This review addresses modeling of subsurface hydrological systems in which contaminants are transported in more than one fluid phase. The primary focus is on problems involving nonaqueous-phase liquids (NAPLs), a dynamic gas phase, or both, so that the unsaturated and saturated zones are both discussed. Basic research in simpler settings is included if it develops concepts that could be applied in modeling of such problems.
Recent developments in practical models are reviewed, along with experimental work and theoretical issues related to the formulation of mathematical models. It will be seen that the extent of validity of the local equilibrium assumption (LEA) for component partitioning among phases is a major question influencing the direction of these formulations. Also emphasized are upscaling to macroscopic and grid lengths, and the choice and coupling of primary variables in multicomponent systems. Relations to and possible use of developments in petroleum reservoir simulation are discussed.

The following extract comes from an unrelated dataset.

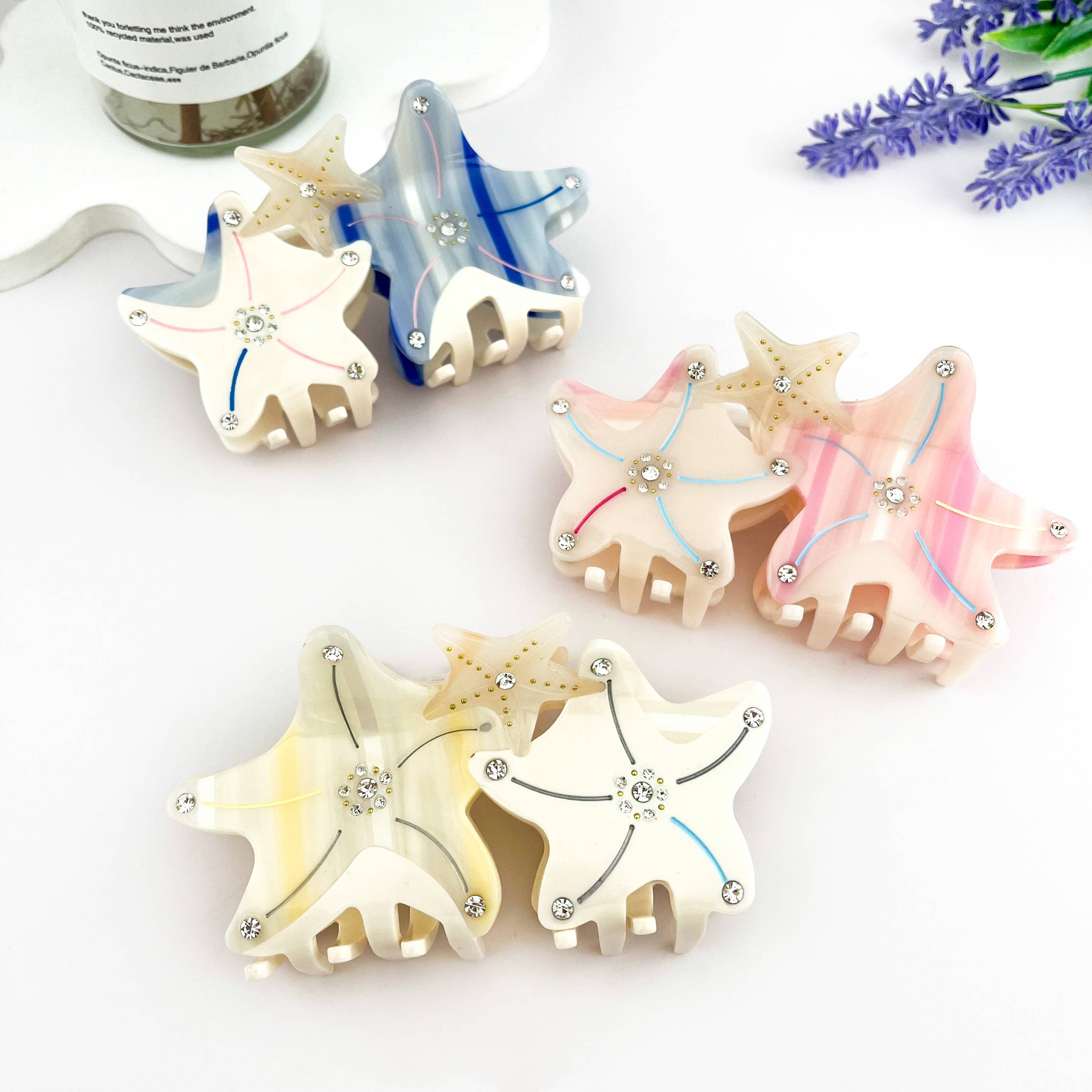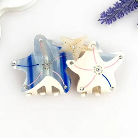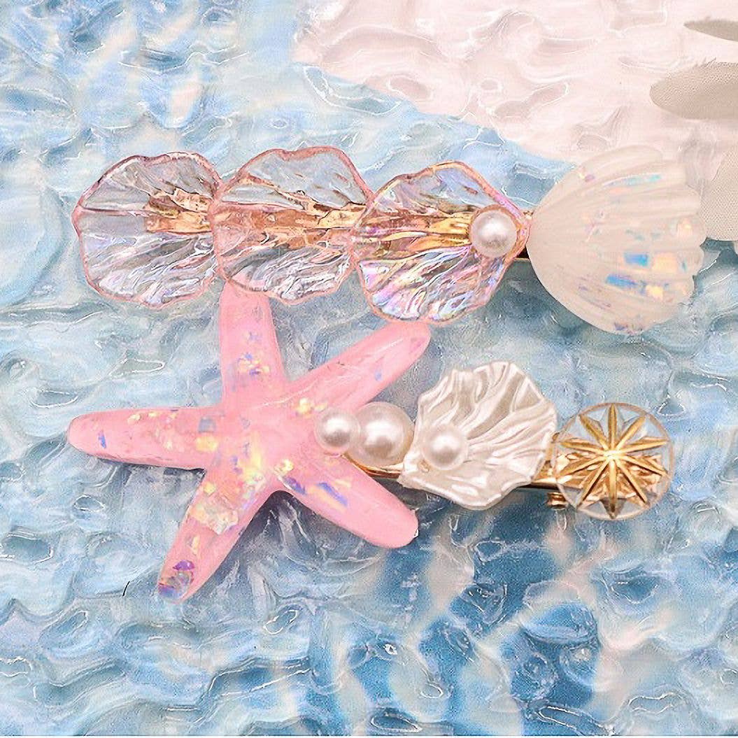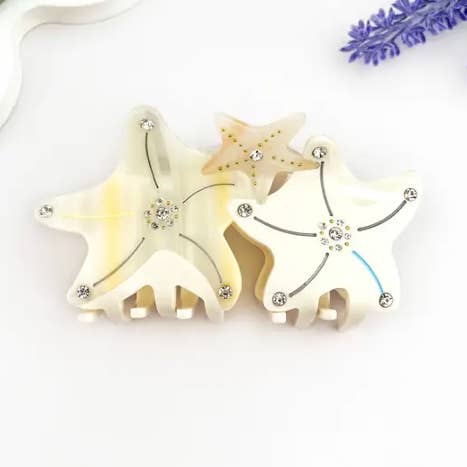 Material - Plastic/resin Handling Process- Handmade Size and Weight 10.2cm, 4IN, 33g Description: Bring a dreamy ocean vibe to your hairstyle with this iridescent starfish hair claw clip. Embellished with delicate faux pearls, it shimmers in the light like a magical treasure from under the sea. Whether you're heading to a beach party, summer festival, or just want to feel the coastal breeze in your everyday look, this charming accessory makes waves. A perfect piece for summer, vacation season, or adding a splash of American coastal flair to any outfit! 🌊✨🇺🇸 #SummerStyle #BeachVibes #AmericanCoastal

The significance of the type of modeling reviewed here is growing, as the last several years have seen increased awareness of the complexity and difficulty of groundwater contamination problems that involve multiphase flow. For example, emplacement of NAPLs, such as gasoline or trichloroethylene, in the subsurface typically entails downward migration through the vadose zone, leaving some (or all) NAPL mass trapped behind by capillary forces in globules of widely varying shape and size. Depending on the NAPL density and other factors, the remaining mass will float at the water table or continue down into the saturated zone. Some contamination can occur via transport of the NAPL phase itself, but even when this phase reaches immobile residual saturation, its components can dissolve in groundwater in concentrations well above environmental thresholds. These components can then be transported in the water phase to contaminate water far from the NAPL source. Many such components, known as volatile organic compounds (VOCs), will also vaporize into the air phase in the unsaturated zone and can then be transported in that phase.
Conventional pump-and-treat techniques will not readily remove immobile NAPL from the subsurface, where it may persist for decades as a source of contamination. Other mechanisms, such as interphase mass transfer, must be exploited. One example of such a process is vapor extraction, pumping air through the contaminated zone and relying on volatility to partition some mass of the offending components into the air, which is then extracted from the subsurface. This technique may be enhanced by injection of steam, if the chemicals are such that a higher temperature will yield a more favorable partitioning. Partitioning can be quite sensitive to the multicontaminant compositions of the phases present. This discussion is merely illustrative, not exhaustive; for the purpose of this review, it suffices to realize that the whole range of mechanisms of multiphase multicomponent flow in porous media, including viscous, capillary, and gravity forces, diffusion, dispersion, and component partitioning, and reactive processes, are expected to be important in the remediation strategies of the future.
To keep within reasonable bounds, the scope of this review is limited, perhaps somewhat arbitrarily. Exhaustive literature surveys of this and other areas were compiled by Mayer et al. [1992, 1993, 1994]. Important topics not discussed here, except as they surface in papers within the scope delineated at the outset, include geostatistics, stochastic hydrology, flow and transport in fractured media, pore-scale models, unsaturated-zone modeling (based on Richards' approximation), and biorestoration modeling. Except for the last, these topics are addressed by other reviews in the present U.S. National Report. Microbial biorestoration is coupled to multiphase models, but is considered here to be more specialized than the subjects under review and so is not emphasized. ``Multiphase'' is taken to refer to multiple fluid phases, so that sorption by itself is not reviewed here, though it may appear in a wider context or in papers considered relevant to multiphase modeling. Unsaturated-zone modeling that allows for an air-pressure gradient is within the scope.
The review is organized as follows. The next section outlines some major issues in multiphase multicontaminant transport modeling to lay the groundwork for what follows. Further sections deal with physical processes, theoretical upscaling, and formulation of equation systems, primarily at the level of basic research, after which recent published models and their numerical methods are discussed. Finally, developments are summarized and directions for future research are suggested.